Low-Cost Easy-to-Use Free Chlorine Sensor for Monitoring Drinking Water

Abstract

In this thesis, low-cost free chlorine sensors for monitoring drinking water have been developed. The starting material, pencil lead, was modified using a ammonium carbamate solution. The main emphasis for this technology is the low cost, scalable and environmental friendly process. The resultant materials were highly sensitive to free chlorine. The second discovery was an advanced understanding of the unsteady state mass transfer during the sensing process, using the customly expanded Cottrell equation. This method could qualitatively indicated the absence of free chlorine, for applications where the removal of free chlorine is the goal. This method allowed better interpretation of transient data and simplified setup. The third discovery was the use of pulsed amperometric detection to detect free chlorine at a much higher sensitivity, while reducing the complexity of the setup, further reducing the cost.
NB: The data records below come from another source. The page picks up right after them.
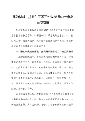 经验材料:提升关工委工作效能 助力教育高品质发展区教育局关工委始终坚持以XXXXXX关于关工委工作的重要指示批示精神为指导,以围绕中心、服务大局为宗旨,以五好关工委创建为载体,充分发挥老同志优势和作用,积极参与推动青少年健康成长和全面发展。一、强化制度机制建设,夯实高质量推动工作的坚实基础一是加强组织领导。不断充实调整区教育局关工委,局党委书记任名誉主任,退休老局长任主任,退休科级干部任副主任,党办主任兼任秘书长。党委会专题研究关工委工作,制定年度工作要点,定期召开会议,研究具体落实举措。机关各科室为关工委成员单位,各尽其责,协同配合,积极发挥五老的作用,与关工委老同志一起组织、一起活动,保证工作联动,提升育人合力。二是精选工作队伍。教育局所属79个基层单位全部建立关工委组织和功能性党支部,各单位一把手兼任关工委主任,选聘政治素质好、身体条件好、有情怀、甘于奉献的退休科级干部任常务副主任。选聘在职中层干部任秘书长,发挥他们与师生接触多、对学生情况掌握全面的优势,切实把关工委工作融入日常、做在经常。三是落实工作保障。各级关工委设置独立办公室,配备办公桌、电脑电话、打印机等办公必需品,创造舒适的办公环境,让老同志们有归属感。局党委坚决落实老同志关工委工作补贴,自2024年1月开始,调整标准,保证按时到位。二、扎实开展主题活动,拓宽学生全面成长的有效路径一是常规活动抓质量。79个基层关工委组织10万余名中小学生参加新时代好少年传承经典·筑梦未来主题教育读书活动,260余件作品获区级奖励,25个单位或个人获市级奖励,教育局关工委获优秀组织奖。组织小学生开展劳动小模范比赛,64件作品获市关工委奖励,10余件作品在市关工委作品专栏展示。二是联办活动抓融合。在第二届金色的信念—社会主义核心价值观手指谣微视频、作文大赛中,30篇作文、17个手指谣微视频获市关工委奖励。联合区关工委开展《讴歌新时代文可居文库——海量学习资料,手机电脑均可下载www.wenkeju.com同心颂党恩》主题摄影作品征集活动,90幅作品获奖并在区图书馆展览,其中包括30幅五老作品和60幅学生作品,充分展现了五育并举教育成果。三、立足学校发展实际,发挥五老作用创特色亮点一是打造精品青少年育才基地。目前我区已整合建成育才基地29个,极大调动了五老的积极性,丰富了青少年课余生活,五老人员根据各自爱好和特长纷纷走进基地,指导学生开展丰富多彩的特色活动。比如X街泥塑艺术育才基地,老同志们的宣讲激发了学生们创作灵感,一批批红色作品纷纷出炉,基地组织编写的《泉尚艺塑》一书,目前已作为X街X小学美术校本教材。二是做实做细五老家庭教育。去年《市家庭教育促进条例》施行后,五老人员立即行动,累计开展宣讲170余场,在宣传条例过程中发挥了积极作用。另外,聘请全国关心下一代先进工作者、全国最美家庭、市首届最美五老、区住建委退休老党员丁俊岩,担任20多所学校校外辅导员,走进学校,开展家庭家风教育。文可居文库——海量学习资料,手机电脑均可下载www.wenkeju.com三是深入开展助学捐赠活动。我们积极配合区关工委,自2012年以来每年开展朝阳工程助学活动。截至去年,共资助品学兼优、生活困难的大中小学生1200人、幼儿园20所,累计捐助善款214万元,以实际行动在全社会营造了良好风尚。2024年,区教育局关工委将全面贯彻落实立德树人根本任务,在全区继续努力创建更多更好的五好关工委,打造特色品牌活动,让关工委事业发光发热。文可居文库——海量学习资料,手机电脑均可下载www.wenkeju.com
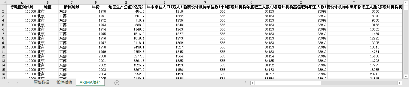excel数据文件包原始数据(由于多年度指标不同存在缺失值)、线性插值、ARIMA填补三个版本,提供您参考使用。
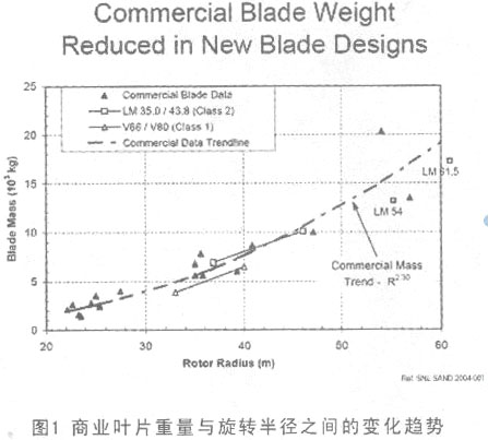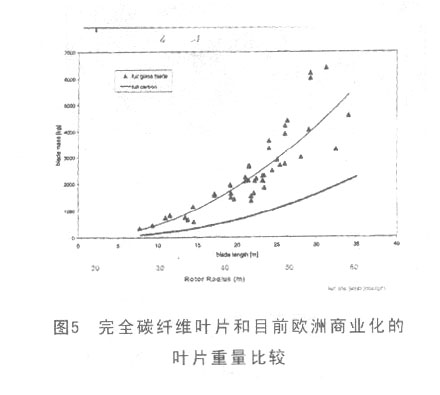 當(dāng)葉片長度增加時,重量的增加要快于能量的提取,因?yàn)橹亓康脑黾雍惋L(fēng)葉長度的立方成正比(圖1),而風(fēng)機(jī)產(chǎn)生的電能和風(fēng)葉長度的平方成正比。同時隨著葉片長度的增加,對增強(qiáng)材料的強(qiáng)度和剛度等性能提出了新的要求,玻璃纖維在大型復(fù)合材料葉片制造中逐漸顯現(xiàn)出性能方面的不足。為了保證在極端風(fēng)載下葉尖不碰塔架,葉片必須具有足夠的剛度。減輕葉片的重量,又要滿足強(qiáng)度與剛度要求,有效的辦法是采用碳纖維增強(qiáng)。國外專家認(rèn)為,由于現(xiàn)有材料性不能很好滿足大功率風(fēng)力發(fā)電裝置的需求,玻璃纖維復(fù)合材料性能已經(jīng)趨于極限,因此,在發(fā)展更大功率風(fēng)力發(fā)電裝置和更長轉(zhuǎn)于葉片時,采用懺能更好的碳纖維復(fù)合材料是勢在必行。根據(jù)國外有關(guān)資料報道,當(dāng)風(fēng)力機(jī)超過3MW、葉片長度超過40米時,在葉片制造時采用碳纖維已成為必要的選擇。事實(shí)上,當(dāng)葉片超過一定尺寸后,碳纖維葉片反而比玻纖葉片便宜,因?yàn)椴牧嫌昧?、勞動力、運(yùn)輸和安裝成本等都下降了。
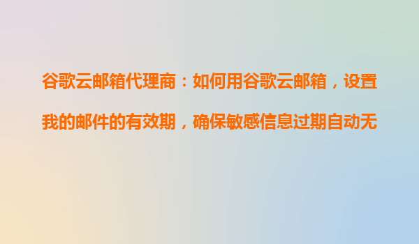 2025-10-23谷歌云郵箱代理商:如何用谷歌云郵箱設(shè)置郵件有效期,確保敏感信息過期自動(dòng)無法開啟? 一、為什么需要郵件有效期功能? 隨著企業(yè)數(shù)字化程度的提高,電子郵件已成為傳遞敏感信息的主要渠道之一...
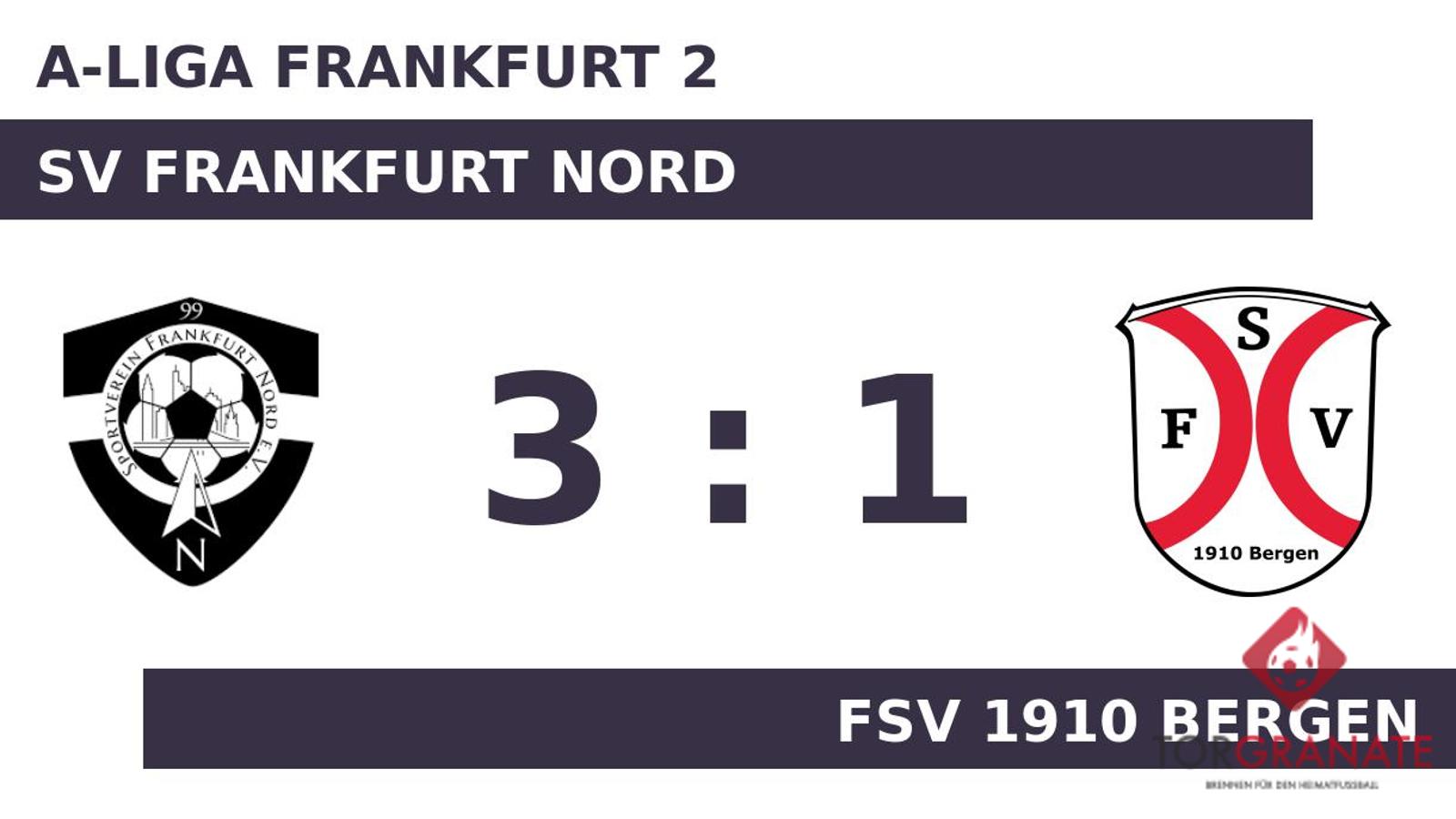 Der FSV 1910 Bergen geriet schon in der neunten Minute in Rückstand, als Emrah Tahirovic das schnelle 1:0 für SV Frankfurt Nord erzielte. Imad Akhouaji erhöhte für SV Frankfurt Nord auf 2:0 (21.). Im ersten Durchgang hatte das Heimteam etwas mehr Zug zum Tor und ging mit einem knappen Vorsprung in die Kabine. Mit dem 3:0 durch Advan Cakiqi schien die Partie bereits in der 55. Minute mit SV Frankfurt Nord einen sicheren Sieger zu haben. Für das 1:3 des FSV 1910 Bergen zeichnete Sascha Martinovic verantwortlich (75.). Mit dem Schlusspfiff durch den Unparteiischen Erol Yilmaz (Frankfurt am Main) siegte SV Frankfurt Nord gegen den FSV 1910 Bergen.
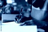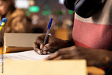 Black university scholar completing a detailed course project using educational resources and materials from the college library general database. Girl working hard on her academic notes. Close up.
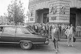 Делегации стран СНГ выходят из здания координирующего центра СНГ.
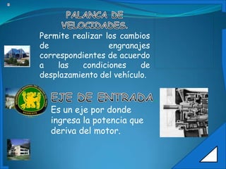 Este documento contiene información sobre varios componentes de una transmisión manual de un vehículo. Explica brevemente engranajes, ejes, sincronizadores y la caja de cambios, y cómo estos elementos trabajan juntos para transmitir la potencia del motor a las ruedas y permitir diferentes velocidades de desplazamiento.
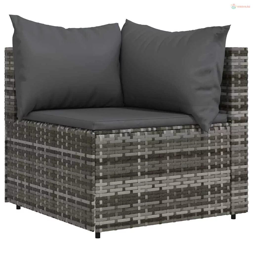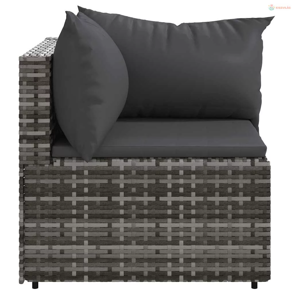 Szürke polyrattan kerti sarokkanapé párnákkal
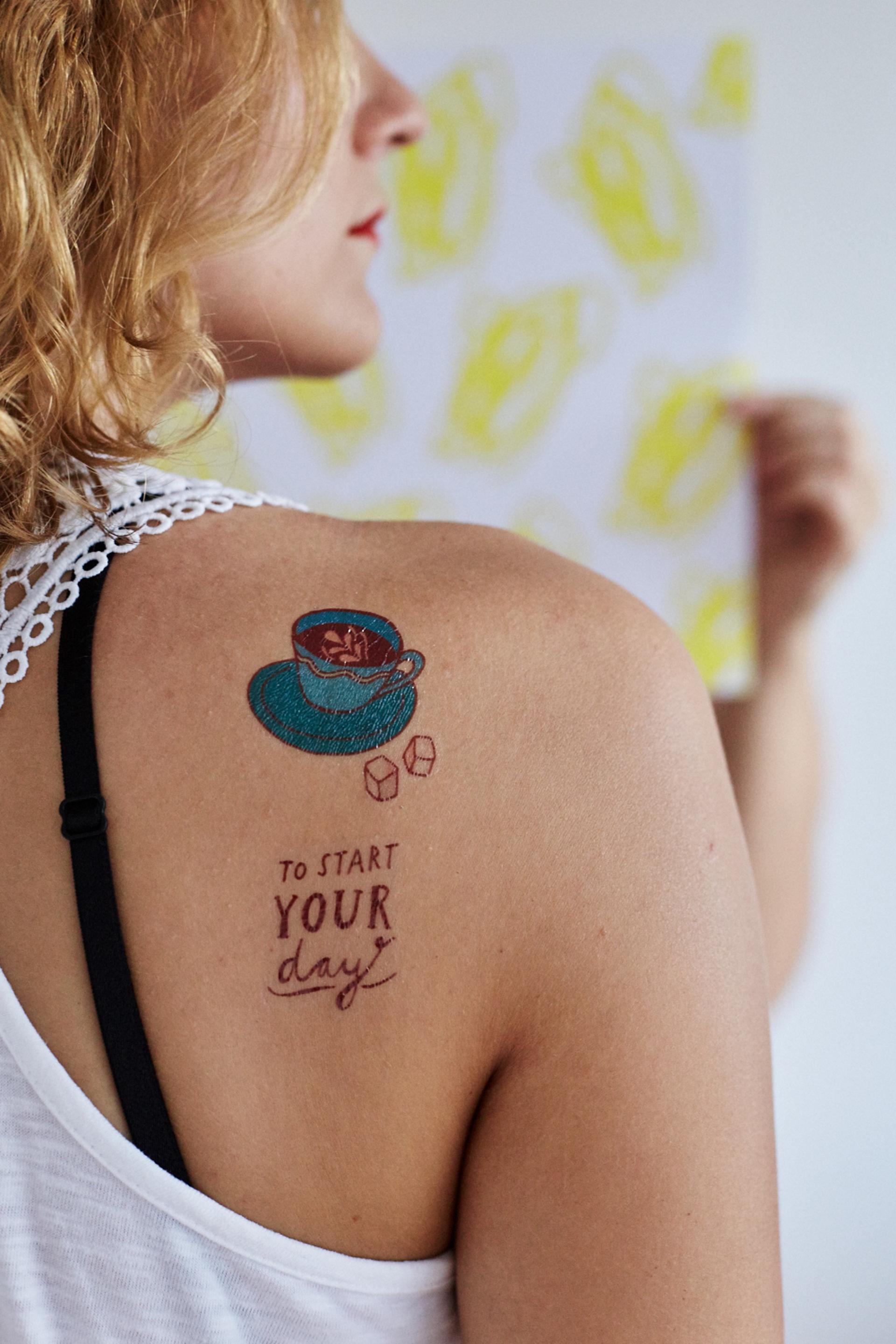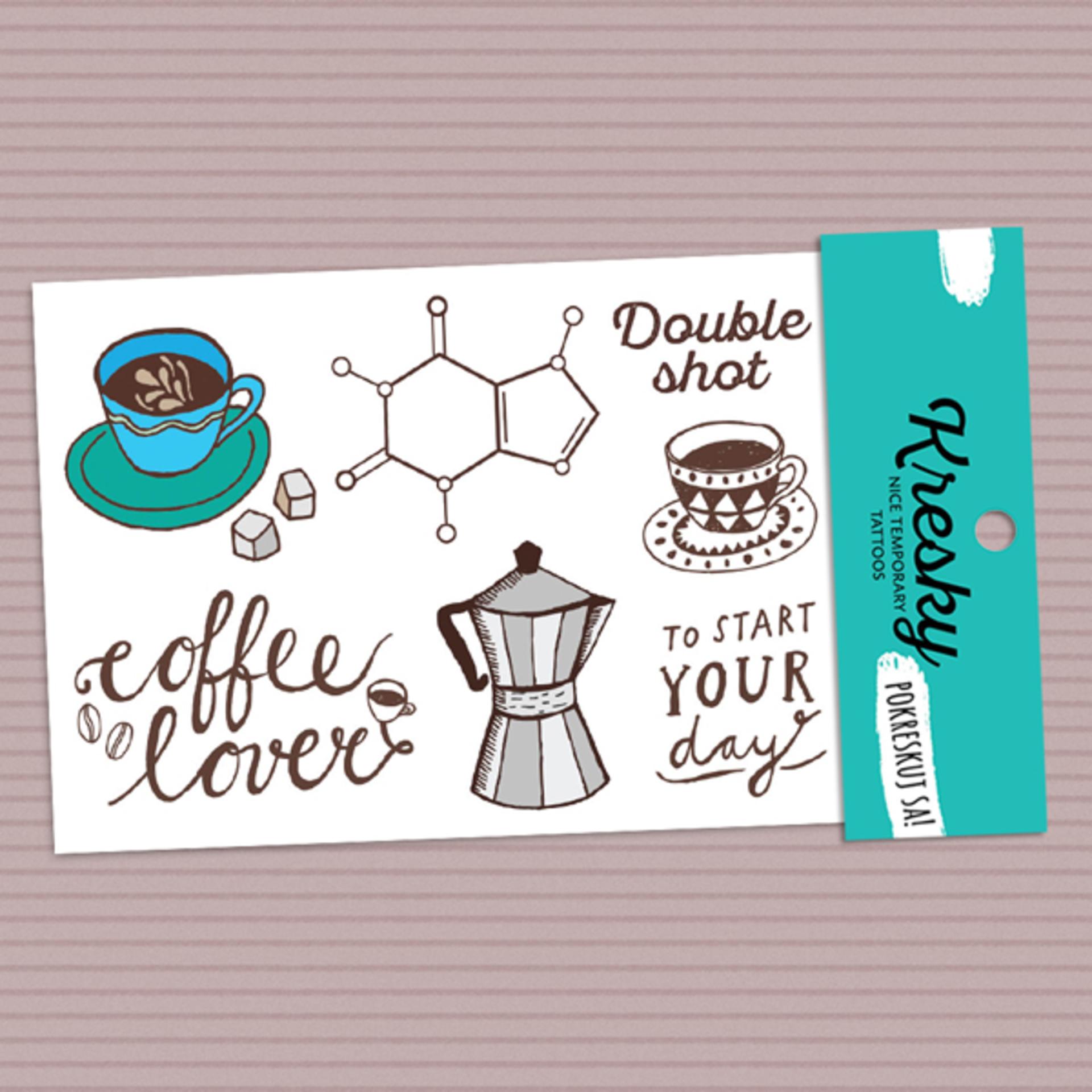 Tak toto je moja káva! Pre všetkých, ktorý prepadli kávovej vôni sme pripravili moka kávovar (koťogo), kávičku, double shot alebo môžete machrovať s molekulou kofeínu. Dočasné tetovačky neaplikujte na citlivú pokožku, v blízkosti očí alebo v prípade alergie. Dermatologicky testované a bezpečné pre deti. Veľkosť: arch veľkosti 10 x 15 cm Materiál: potlačený papier Spôsob výroby: sieťotlač
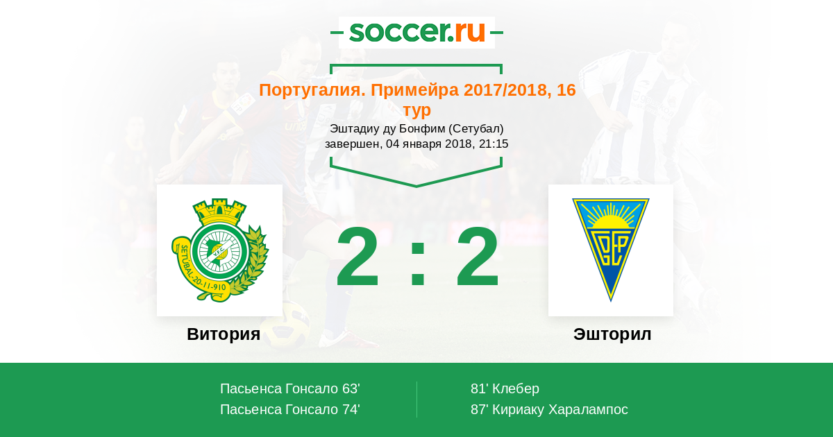 Протокол матча Витория против Эшторил
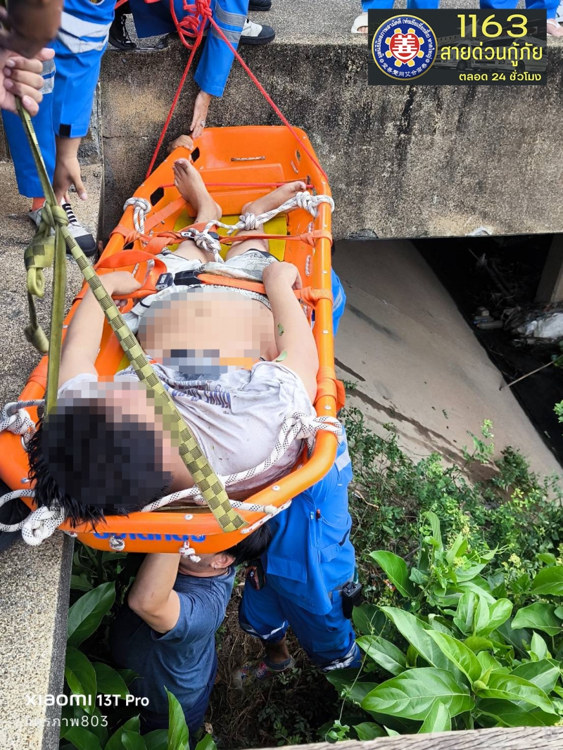 โดยใช้ระยะเวลาในการปฏิบัติงานไม่นานก็สามารถนำผู้ป่วยคนดังกล่าวขึ้นมาจากคลองระบายน้ำได้สำเร็จ และได้เคลื่อนย้ายนำส่งโรงพยาบาลหาดใหญ่ เบื้องต้นเป็นชายไม่ทราบชื่อ เนื่องจากไม่ให้ความร่วมมือใดๆ
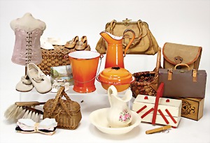 schönes Konv. Puppen-Ausschmückungsteile, darunter Waschschüssel, Blech emailliert, mit passendem Eimer u. Kanne, altersbed. Emaille-Abplatzer, Waschschüssel mit Kanne, Porzellan, 3 Puppenkörbe, 1x gefüllt mit 4 Paar Puppenschuhen u. 2 alte Handfeger, 1 Nähkästchen, 1 Schneiderbüste, bitte besichtigen

This method was based on the previous findings plus understanding of the reaction kinetics. The resultant sensors detected free chlorine with a detection of 0.0414 ppm, while the regulations require the free chlorine to be above 0.2 ppm. The response time was less than three seconds. The range of detection was up to around 20 ppm. The cost of materials for one sensor was less than ten dollars. The maintenance was minimal due to the lack of consumables. The operation could be as a meter or as a device in a large instrument. The target use of the sensors include small and distant communities, bottling industries, fruit and vegetable washing industries. The free chlorine sensing techniques can be readily expanded to biology, environment, and big data applications, based on the knowledge gained through the study.